(Beginning of DATA IN THIS EXERCISE)
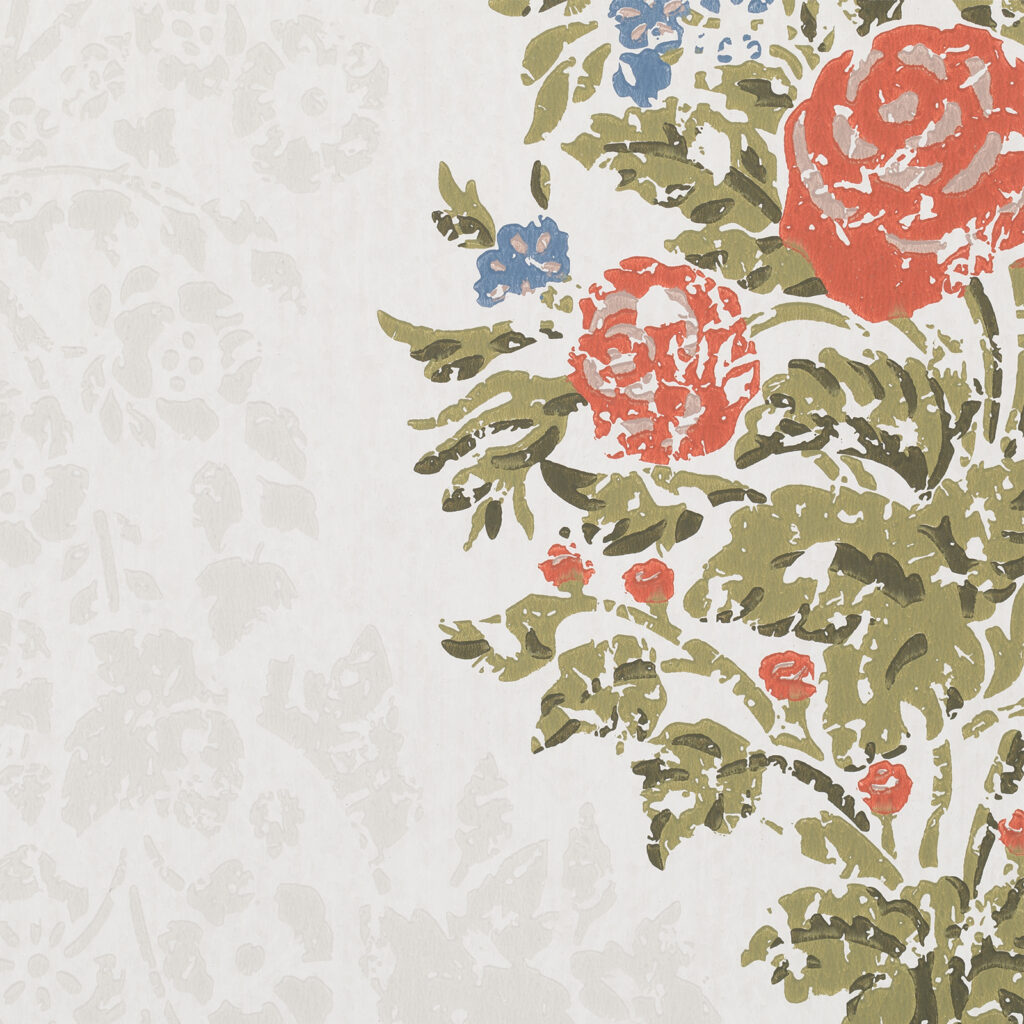Gården Lars-Daniels i Järvsö, är en typisk hälsingegård från 1800-talets första hälft; två våningar, timmer, rödfärgad, många fönster med gröna handblåsta glasrutor, dekorerad brokvist… Huvudbyggnaden har till stora delar stått orörd sedan den byggdes. Genom att den under 1900-talet mest använts som mobiliseringslager för militären har det heller inte funnits någon anledning att renovera den. ”Storkammaren” är ett av de mest välbevarade rummen i huset och därifrån kommer denna schablontapet. Tiden är runt 1840. Tapeten är på allmogevis en stilblandning; Först ett av 1700-talets favoritmönster – glest spridda blombukter mot enfärgad bakgrund, men här kombinerat med ett skirt, spetsliknande medaljongmönster av den typ som kom med nyrokokon först hundra år senare. Det är det här som är så intressant med allmogens inredningskonst, ofta ogenerade stilkombinationer, ofta ”extra allt” men som slutprodukt ändå varken vulgärt eller smaklöst. Den balansgången var allmogemålarna mästare på. Ett annat säkert stilgrepp är att schablontapeterna oftast kombineras med en lugn, enfärgad bröstpanel upp till fönsterhöjd, så att rummet, trots stormönstrade tapeter, ändå blev lugnt och välproportionerat.Originaltapeten är målad med limfärg på lumppapper och har varit övertapetserad flera gånger, varför många av de finaste detaljerna i spetsmönstret gått förlorade med tiden. Vid nytryckningen av tapeten har vi varit rädda om just denna patina och valt att inte rekonstruera mönstret till perfektion. Själen i Gysinges tapeter sitter ju överlag i att de just inte är så perfekta.
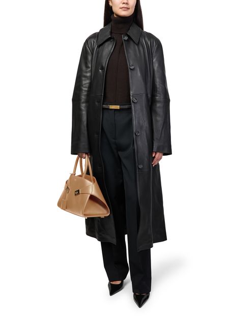 Reveal Toteme's T-Lock mini leather pouch, crafted from smooth leather. The visible stitching and metallic front logo highlight its modern appeal, while the twist lock and flap closure secure essentials in a single compartment with an interior pocket for effortless organization.
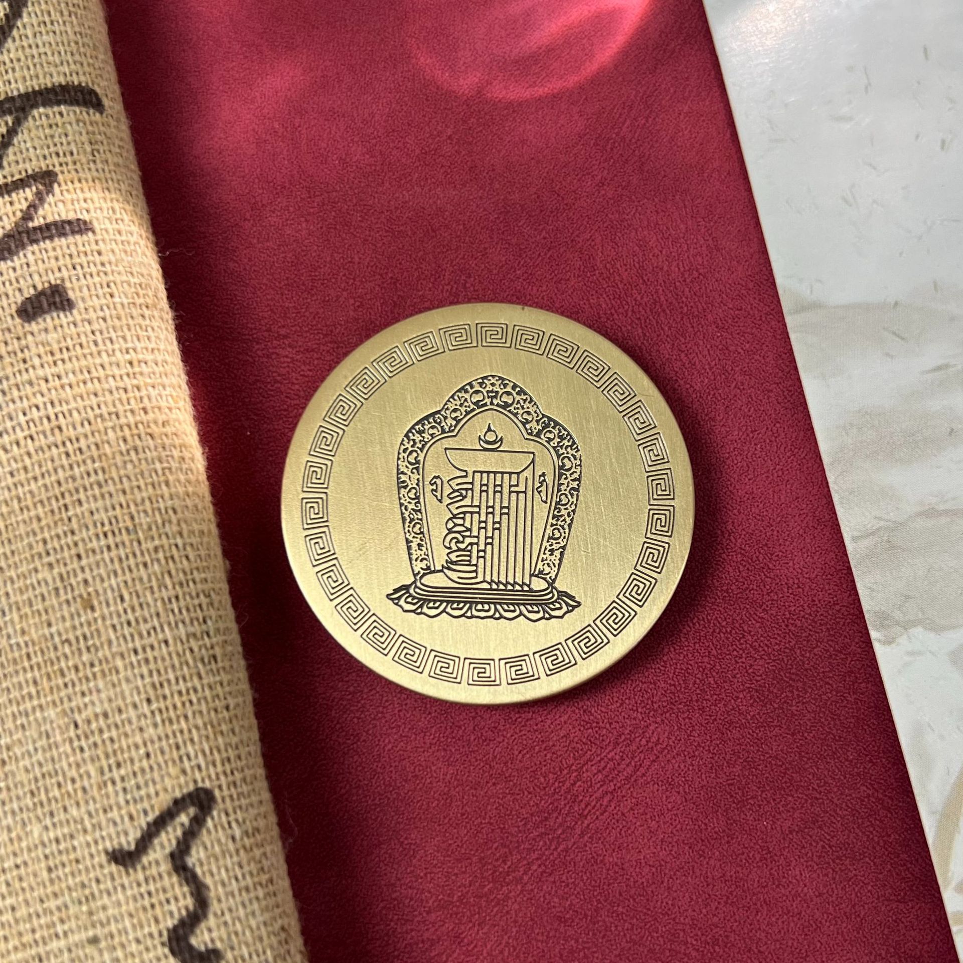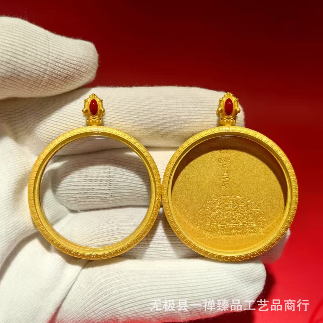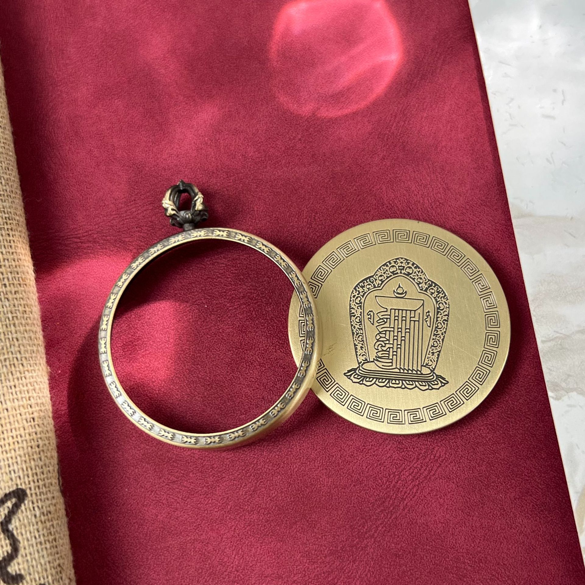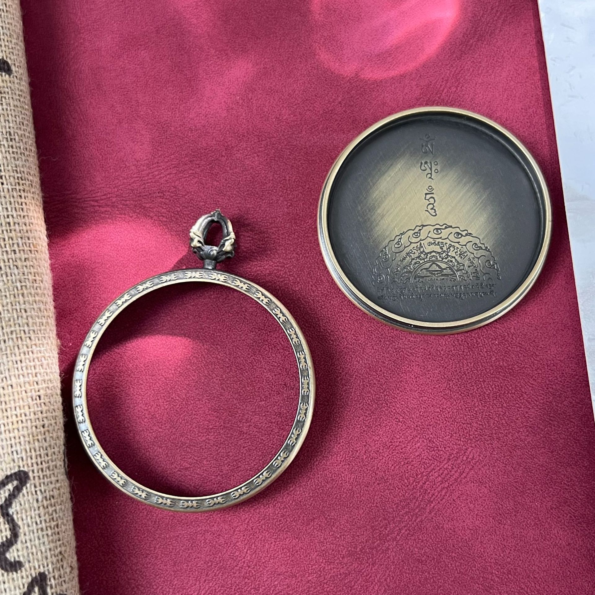 美沙唐卡片面マット加工ガウボックス記念フレーム丸型銅製ペンダントチベット式十相自在吊り下げネックレス
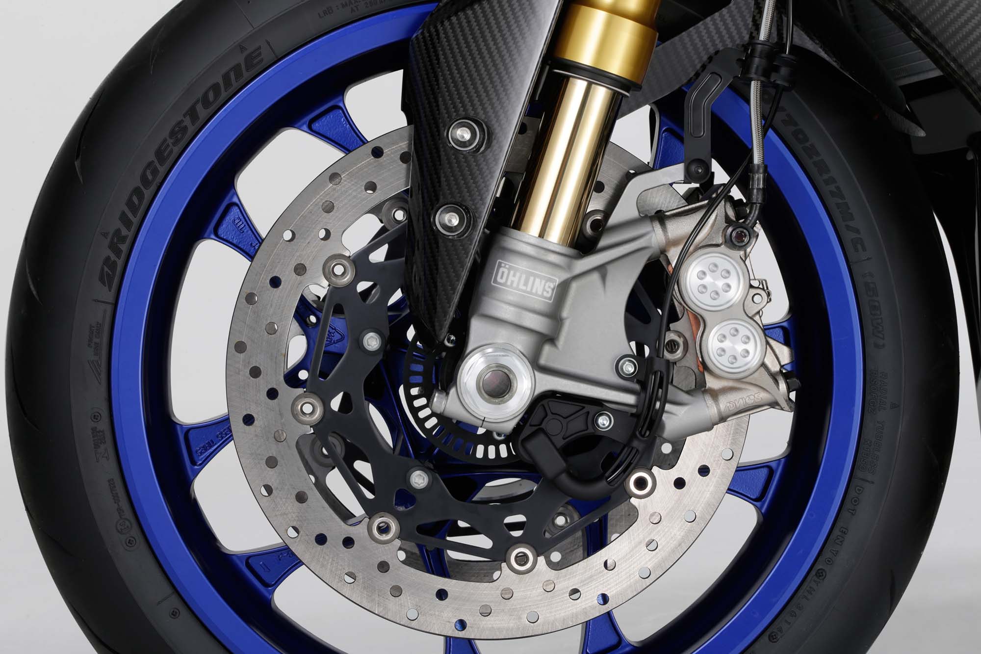 Featuring the same 200hp “CP4” crossplane 998cc inline-four engine as the base model, Yamaha has added Öhlins’ ERS semi-active suspension pieces to the superbike, along with carbon fiber fairings, and a robust GPS-powered data acquisition system.
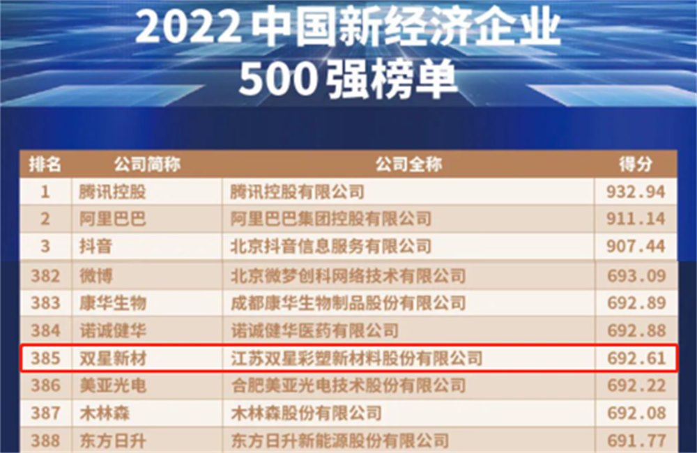 On March 30th, the 2022 China Top 500 New Economy Enterprises Conference was grandly held in Beijing. At the conference, the China Enterprise Evaluation Association officially released the "2022 China Top 500 New Economy Enterprises" list. Jiangsu Shuangxing Colored Plastic New Materials Co., Ltd. ranked 385th on the list with a score of 692.61 points due to its comprehensive innovation strength. This is the second consecutive year that Double Star New Materials has entered the list.
(End of DATA IN THIS EXERCISE)
=== TASK ITEM ===
Please, without any pictures, retype the records exactly as they appear.

=== REPLY TO THE EXERCISE ===
Gården Lars-Daniels i Järvsö, är en typisk hälsingegård från 1800-talets första hälft; två våningar, timmer, rödfärgad, många fönster med gröna handblåsta glasrutor, dekorerad brokvist… Huvudbyggnaden har till stora delar stått orörd sedan den byggdes. Genom att den under 1900-talet mest använts som mobiliseringslager för militären har det heller inte funnits någon anledning att renovera den. ”Storkammaren” är ett av de mest välbevarade rummen i huset och därifrån kommer denna schablontapet. Tiden är runt 1840. Tapeten är på allmogevis en stilblandning; Först ett av 1700-talets favoritmönster – glest spridda blombukter mot enfärgad bakgrund, men här kombinerat med ett skirt, spetsliknande medaljongmönster av den typ som kom med nyrokokon först hundra år senare. Det är det här som är så intressant med allmogens inredningskonst, ofta ogenerade stilkombinationer, ofta ”extra allt” men som slutprodukt ändå varken vulgärt eller smaklöst. Den balansgången var allmogemålarna mästare på. Ett annat säkert stilgrepp är att schablontapeterna oftast kombineras med en lugn, enfärgad bröstpanel upp till fönsterhöjd, så att rummet, trots stormönstrade tapeter, ändå blev lugnt och välproportionerat.Originaltapeten är målad med limfärg på lumppapper och har varit övertapetserad flera gånger, varför många av de finaste detaljerna i spetsmönstret gått förlorade med tiden. Vid nytryckningen av tapeten har vi varit rädda om just denna patina och valt att inte rekonstruera mönstret till perfektion. Själen i Gysinges tapeter sitter ju överlag i att de just inte är så perfekta.
 Reveal Toteme's T-Lock mini leather pouch, crafted from smooth leather. The visible stitching and metallic front logo highlight its modern appeal, while the twist lock and flap closure secure essentials in a single compartment with an interior pocket for effortless organization.
 美沙唐卡片面マット加工ガウボックス記念フレーム丸型銅製ペンダントチベット式十相自在吊り下げネックレス
 Featuring the same 200hp “CP4” crossplane 998cc inline-four engine as the base model, Yamaha has added Öhlins’ ERS semi-active suspension pieces to the superbike, along with carbon fiber fairings, and a robust GPS-powered data acquisition system.
 On March 30th, the 2022 China Top 500 New Economy Enterprises Conference was grandly held in Beijing. At the conference, the China Enterprise Evaluation Association officially released the "2022 China Top 500 New Economy Enterprises" list. Jiangsu Shuangxing Colored Plastic New Materials Co., Ltd. ranked 385th on the list with a score of 692.61 points due to its comprehensive innovation strength. This is the second consecutive year that Double Star New Materials has entered the list.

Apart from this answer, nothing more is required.